The ruling follows disclosure from former National Security Agency contractor Edward Snowden about the Prism program that allowed US authorities to harvest private data from big tech companies such as Apple, Facebook and Google.
“The EU’s highest court has pulled the rug under the feet of thousands of companies that have been relying on Safe Harbour,” said Monika Kuschewsky, special counsel at law firm Covington. “All these companies are now forced to find an alternative mechanism for their data transfers to the US.”
Without Safe Harbour, companies could be forced to draw up contracts establishing privacy protections between groups or seek approval from data protection authorities for information transfers to countries the EU deems to have lower privacy standards, including the US.
The court case stemmed from a complaint by Austrian law student Max Schrems, who challenged Facebook’s transfers of European users’ data to its American servers, fearing the risk of US snooping.

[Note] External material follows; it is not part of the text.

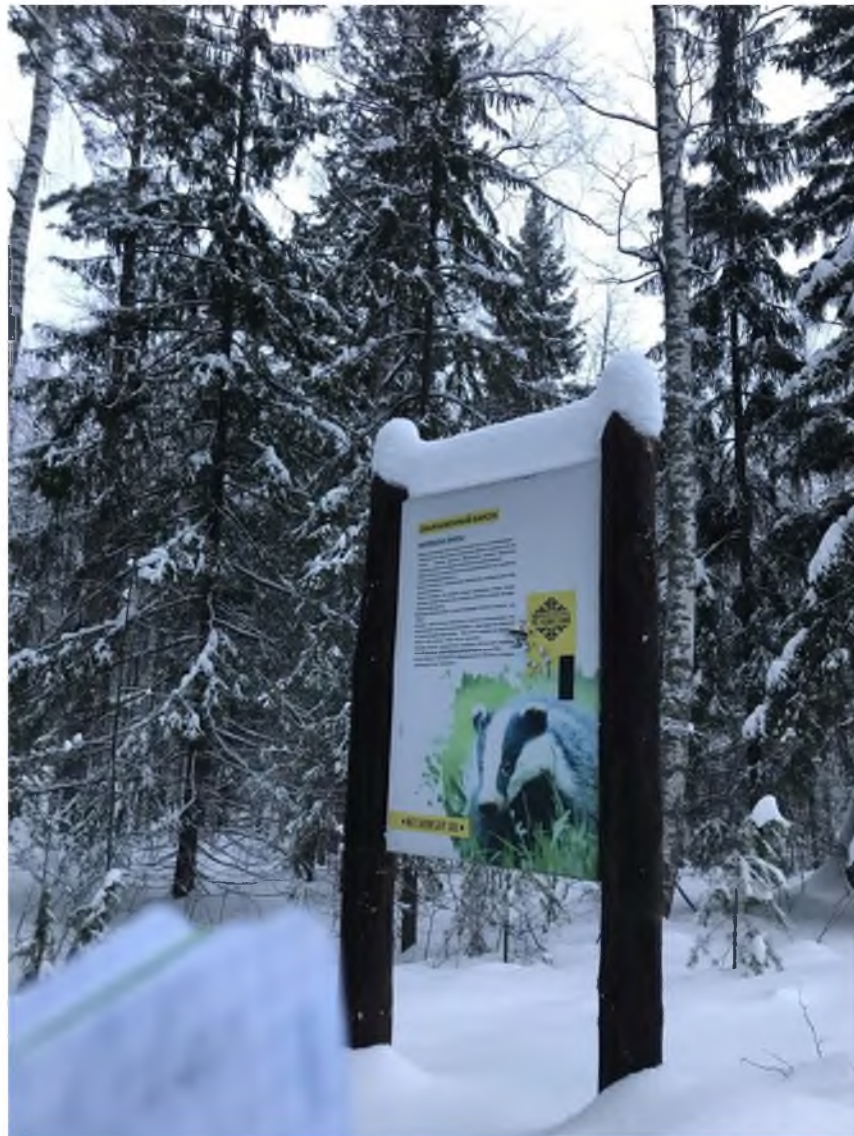
Фото 3. Стенд с информацией о животном.
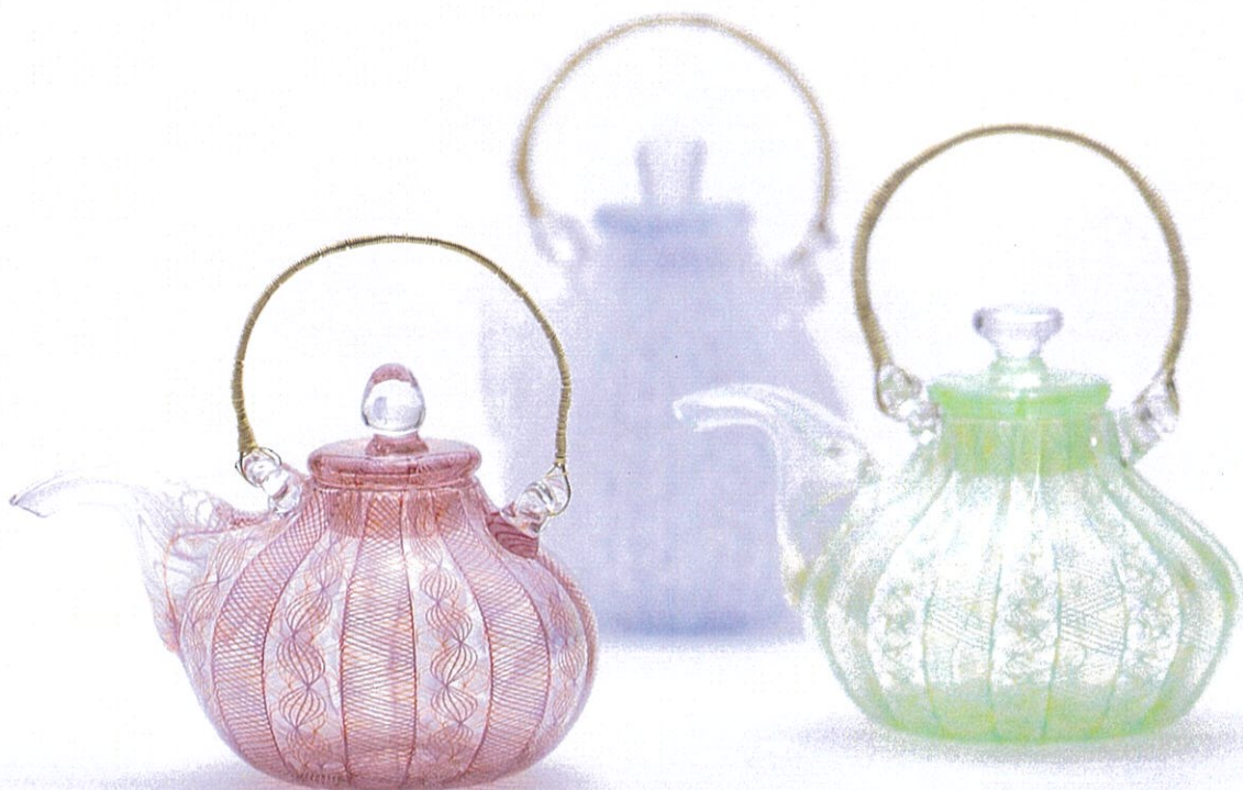
(左)「莓」ちろり w12×d8×h12.5cm (右)「メロン」ちろり w12.8×d9.8×h13.2cm (中)「オールマイティ」ちろり w11.5×d6×h14.5cm

The commission separately demanded a review of Safe Harbour to ensure US authorities’ access to Europeans’ data would be proportionate and limited to what is absolutely necessary.
Washington and Brussels have been in talks for two years to try to come up with a revamped data transfer system that could allay Europe’s privacy concerns, and yesterday’s judgment heaps pressure on the European Commission to come up with a solution.
“The ruling creates uncertainty for the European and international companies that rely on Safe Harbour for their commercial data transfers, most of which are small- and mediumsized enterprises,” said Christian Borggreen, director at the Computer and Communications Industry Association, whose members include Facebook.
Mr Schrems filed his complaint to the Irish data protection commissioner, as Facebook has its European headquarters in Ireland. The case wound its way to the Luxembourg-based Court of Justice, which was asked to rule on whether national data privacy watchdogs could unilaterally suspend the Safe Harbour framework if they had concerns about US privacy safeguards.